Why This Post Exists

Running MLflow experiments locally means losing access to centralized tracking and collaboration → Pointing your local notebook’s MLflow client at a Databricks workspace gives you remote experiment tracking without leaving your local environment.

The Problem

Data scientists often prototype models in local Jupyter notebooks but lose the benefits of centralized experiment tracking — versioned runs, shared metrics, and team-visible results — because MLflow defaults to logging locally. Switching to a Databricks notebook just for tracking adds friction and pulls engineers away from their preferred development setup.

The Solution

This playbook shows how to configure MLflow in a local notebook to use a Databricks workspace as its tracking server. With three lines of Python and an existing Databricks CLI profile, experiment runs logged locally appear in the Databricks Experiments tab, giving teams a single source of truth for all model development activity regardless of where the code runs.

Example Use Cases

  • Logging local notebook experiments to Databricks so the team can see them.
  • Switching MLflow tracking between multiple Databricks workspaces via CLI profiles.
  • Centralizing experiment data without forcing everyone into Databricks notebooks.

Tags

Industry: Technology Capabilities: ML/AI, Cloud Infrastructure


MLFlow Tips and Tricks #1

Using Databricks as an MLFlow repository from a local notebook

You can run MLFlow in a local notebook and use a Databricks workspace as your tracking server. Meaning, you will log to the Experiments tab in that workspace.

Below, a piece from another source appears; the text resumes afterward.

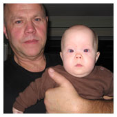 Hej! Kul att just du tittar in. Ligger nu lite nya bilder ute under 5 månader. Här har ni en bild på mig och min morfar. De säger vi är lika, vad tycker du? |

If you have the Databricks cli set up, you’re already configured. If not, start here: https://docs.databricks.com/aws/en/dev-tools/cli/tutorial

Run the following commands to set the tracking server to your DEFAULT Databricks CLI profile.

import mlflow
mlflow.login()
mlflow.set_tracking_uri("databricks")

Change the argument to set_tracking_uri to use a different profile, e.g. “MY_PROFILE”:

mlflow.set_tracking_uri("databricks://MY_PROFILE")

Now you can mlflow.log() from your local notebook!